Unity teaching staff.

Development of trust;

Development of skills of self-analysis and overcoming psychological barriers;

Participants:

Educational psychologist, teachers of the institution.

Location: Cabinet educational psychologist.

group rules:

Open communication;

Activity and humor;

Non-evaluative judgment;

Here and now.

Progress of the training

1. Greeting exercise "Hello Friend" (participants are divided into pairs)

Hello friend - they shake hands;

How are you here - they clap each other on the shoulder;

Where have you been - they grab your ear;

I missed you - pointing at themselves, crossing their arms over their chest;

You have come - they open their arms to the sides;

Fine– hugging and patting each other on the back.

2. Exercise – liberation “Touch to...”

Educational psychologist: “Touch something high!”. Participants must quickly find something tall in the office and touch it. Below are various options (touch yellow, hard, etc.)
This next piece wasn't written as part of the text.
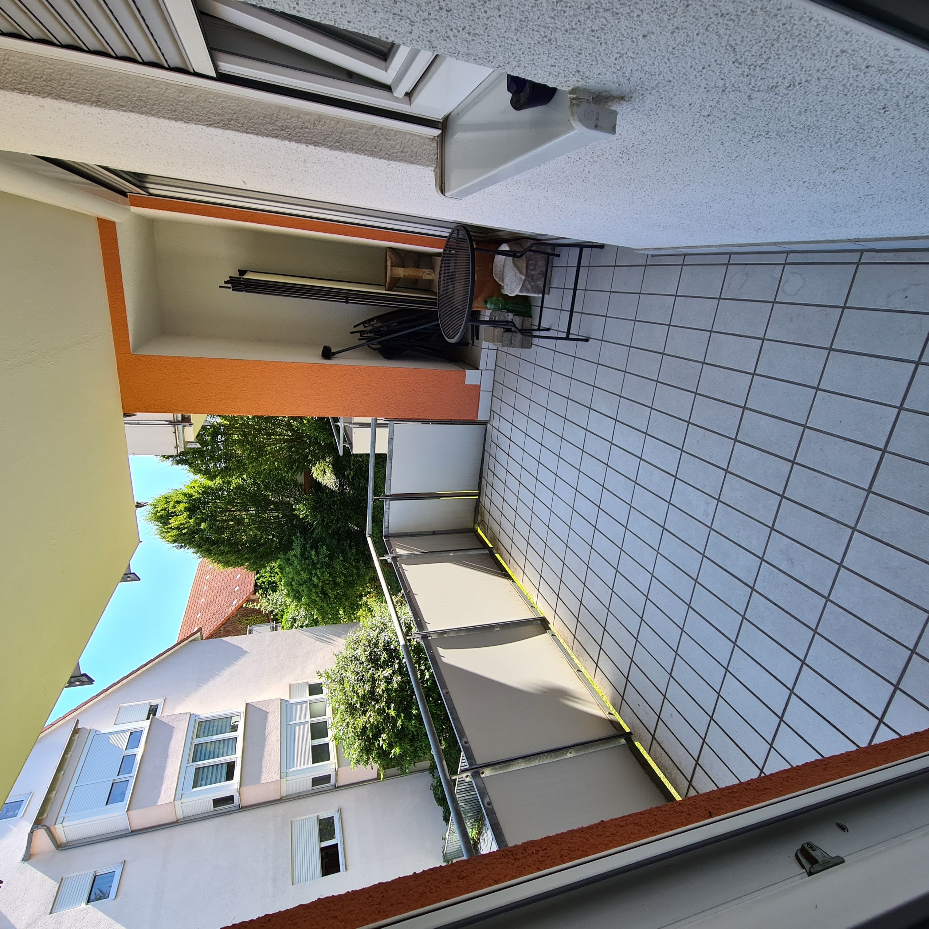 Der nach Südost ausgerichtete Balkon mit geschützter Abstellnische ist sowohl vom Wohnzimmer als auch vom Schlafzimmer aus zugänglich und bietet eine großzügige Freifläche mit teilweise überdachter Fläche.
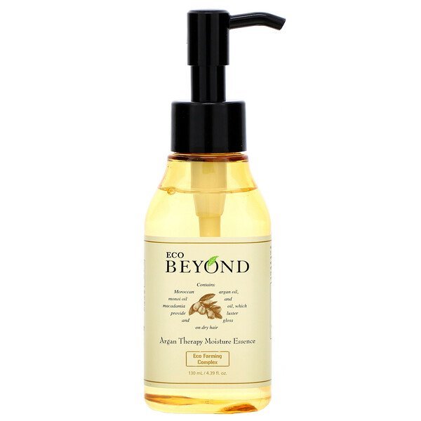 EcoBeyondEco Farming ComplexDermatologically TestedNo Paraben AddedMinimum Chemical ColorantsEco Beauty Lab.Contains Moroccan argan oil, monoi oil, and macadamia oil, which provide luster and gloss on dry hair.This fresh hair essence is quickly absorbed onto dry hair to give moisture and shiny look, which also makes your hair tranquil and healthier.Beyond Argan Therapy LineThis is a glossy and moisturizing specific care line. This line will deliver deep nutrition and a shiny look to dry hair through Moroccan Argan Oil, Monoi Oil, and Macadamia Ternifolia Seed Oil.Moroccan Argan OilThe product contains oil from Moroccan Argan fruit, which is called “a tree of life”. This component gives abundant nutrition to your hair.Monoi Oil, Macadamia Ternifolia Seed OilThe product contains Macadamia Ternifolia Seed Oil as well as Monoi Oil, which is a blended mixture of coconut oil and Tiare Flower. These components helps to give a moisturizing and shiny look to your hair.Eco Farming Complex(Complex consists of Alchemilla Vulgaris Extract, Calendula Officinalis Flower Extract and Althaea Officinalis Root Extract)Formulated with eco ingredients grown on the healthy land unpolluted by any chemical fertilizer or pesticides, the Eco Farming Complex containing items help to soothe the skin and leave it soft and thoroughly moisturized.

3. Exercise "Sound gymnastics»

Calm, relaxed state, standing, with a straight back. First, take a deep breath in through your nose and, as you exhale, say loudly and energetically sound:

A – has a beneficial effect on the entire body;

E – affects the thyroid gland;

And - affects the brain, eyes, nose, ears;

O – affects the heart, lungs;

U – affects organs;

I – affects the functioning of the whole organism;

M – affects the functioning of the whole organism;

X – helps cleanse the body.

HA – helps to increase mood.

4. Exercise "Pass it around"

The group forms a circle.

Participants take turns pretending to pass a mysterious object around in a circle, and it is necessary to interact with it in some way. After the item has been in everyone's possession, the players guess what it was.
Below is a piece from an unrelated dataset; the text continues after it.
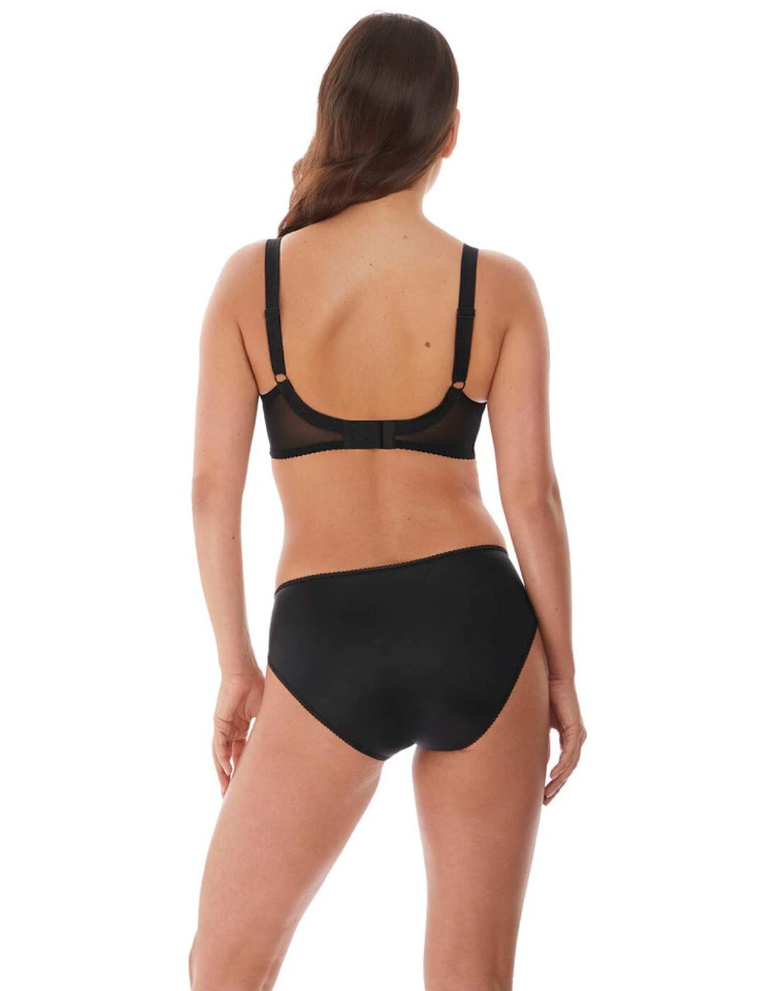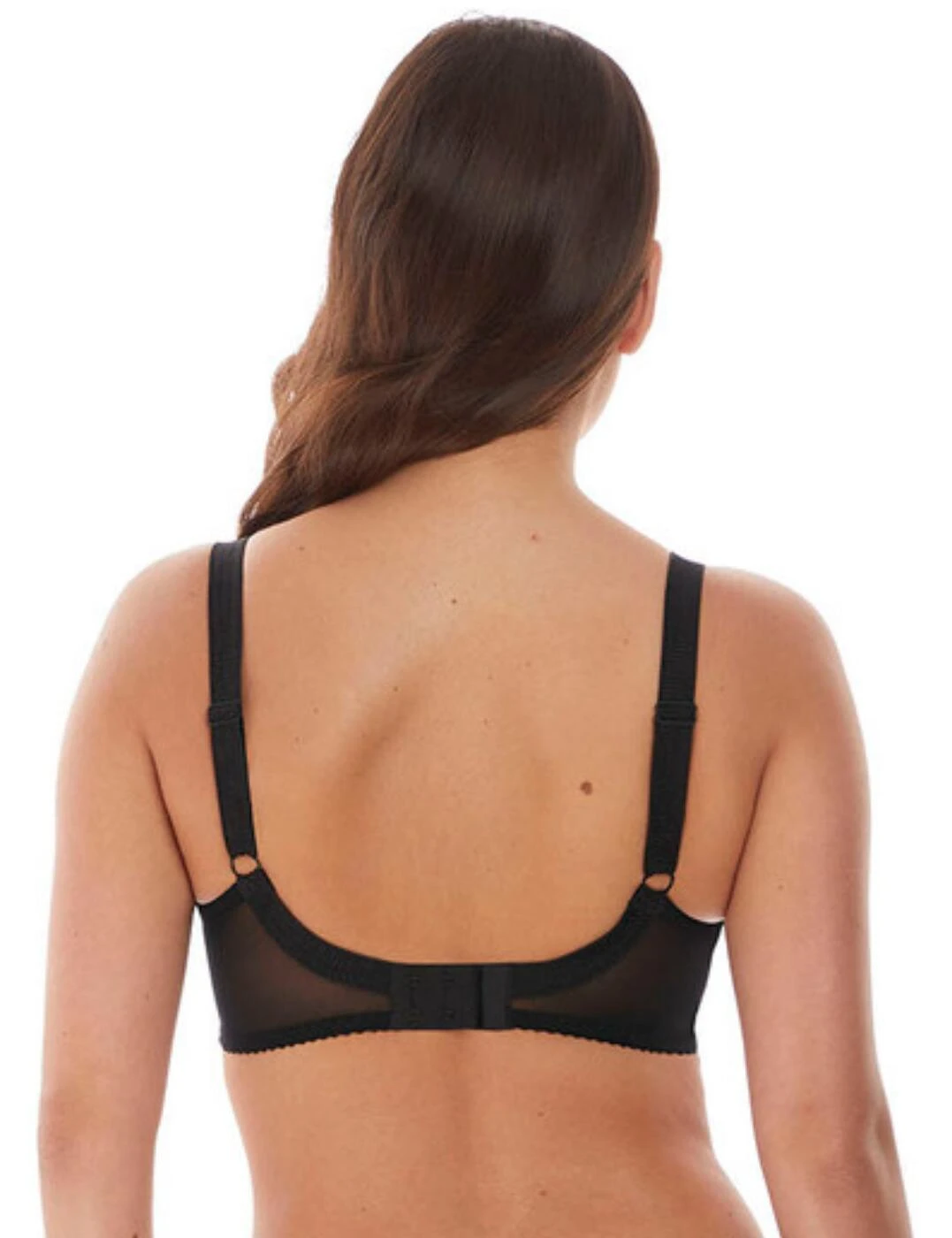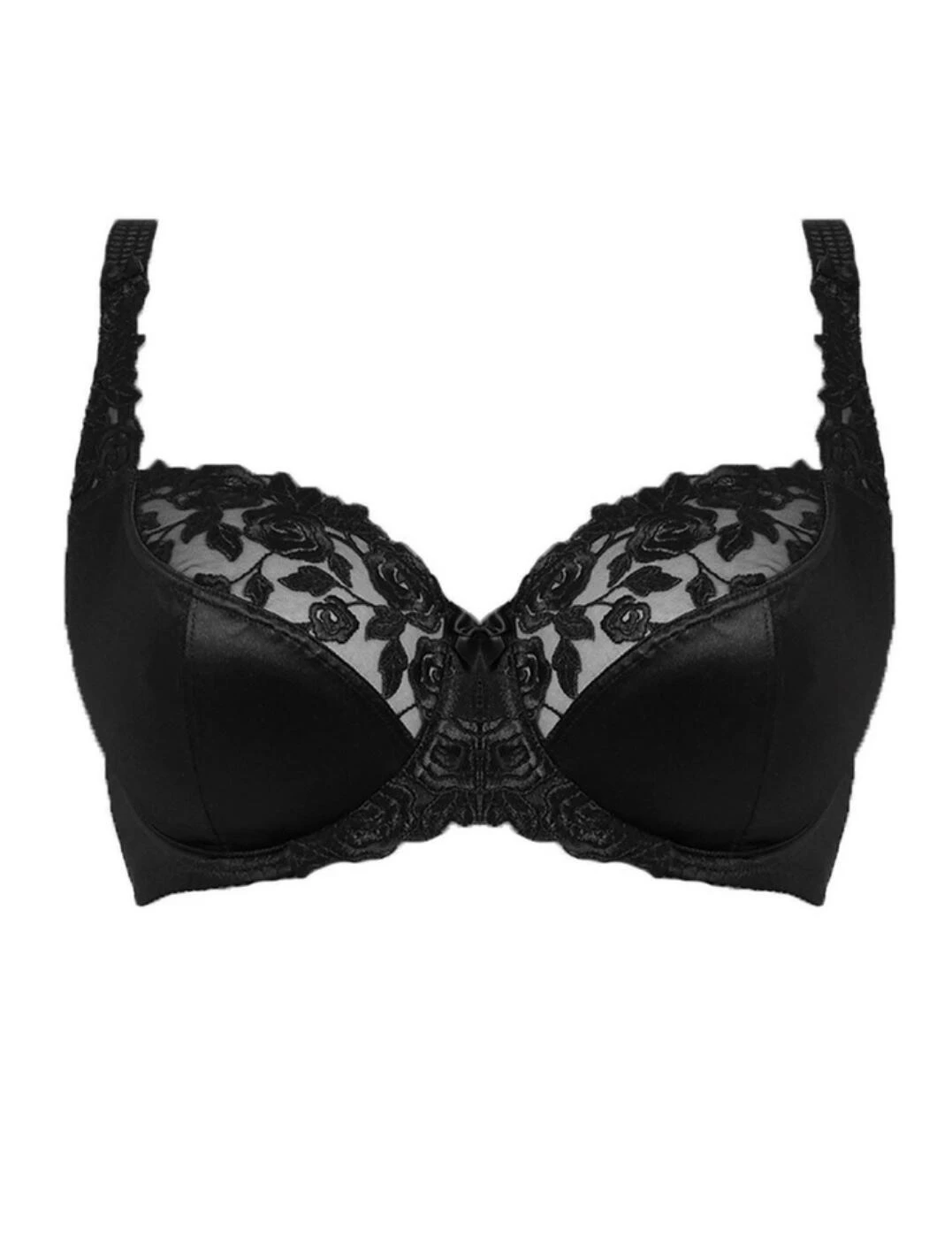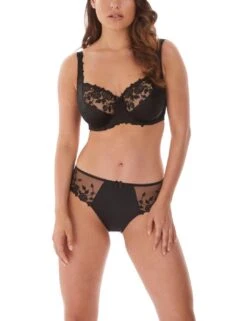 The Belle range by Fantasie brings this balcony bra that will instantly become your favourite piece. Balcony bras are much-loved due to their flattering cut that showcases your bust with three sectioned cups which provides great uplift and projection whilst giving excellent coverage. It allows you to create the perfect and comfortable fit with underwiring, adjustable elasticated straps and a hook and eye closure. The bra is crafted from soft silky fabric with an upper panel of semi-sheer beautiful Austrian embroidery which also runs along the straps and under band. Made complete with a mini bow in the centre.

5. Exercise "Live your palms"

Teacher- the psychologist asks the participants to circle the silhouette of a palm on a landscape sheet. Then revive the palm. Draw their mouths, eyes, paint their fingers. Come up with an unusual name for each finger and sign it. Tell why they called him that.
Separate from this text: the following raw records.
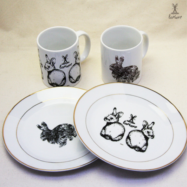 一款為獨行俠兔子的素描意象風,另一款為雙胞胎兔的手繪寫實風,兩款皆鑲上金邊,相當有質感,覺得拿來使用太可惜的話,也可以像外國人家中一樣拿來當擺設喔!
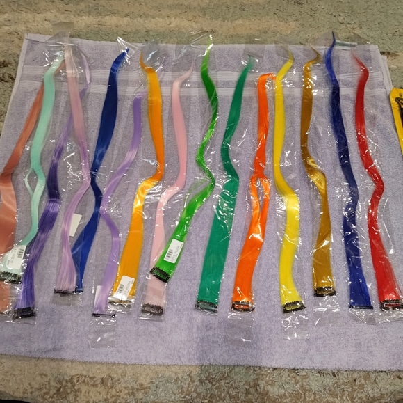 15 color clip ins plus mix Set see second picture and comb set. All New in packaging Set of vibrant hair extensions in multiple colors. Perfect for adding a pop of color to your style.
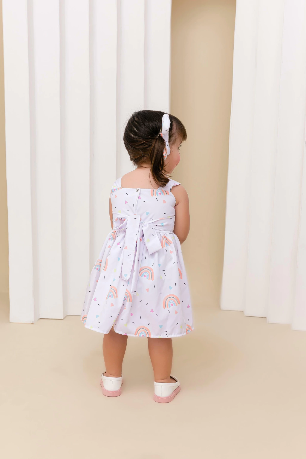 Apresentamos o Vestido Menina Botões Arco-íris, a escolha perfeita para pequenas cheias de charme e energia!

6. Exercise - liberation "Caterpillar"

The group members move around the room, overcoming obstacles and forming a chain, with their hands on the shoulders of the person in front, a ball or ball clamped between the stomach of one player and the back of another balloon, when moving, you cannot hold the ball with your hands, the players’ task is to pass obstacles without breaking the chain (caterpillar).

7. Association exercise « Good mood»

Participants stand in a tight circle and everyone expresses what they need to raise mood(chocolate, good music.)

8. Origami exercise "Ladybug" (a talisman for everyone)

Ladybug - the oldest symbol of happiness and good luck

1. Make a square of red paper

2. Bend the sheet diagonally

3. Bend the resulting triangle and then straighten it

4. Fold two corners down

5. Turn the resulting figure over to the other side

6. Fold the top corner down

7. Bend the bent corner so that you get a small accordion

8. Turn the resulting figure over to the other side

9. All that remains is to draw black dots on the ladybug.

9. Exercise "Compliment"

Participants stand in a large circle and take turns giving each other compliments, the one who received the compliment speaks "Thank you".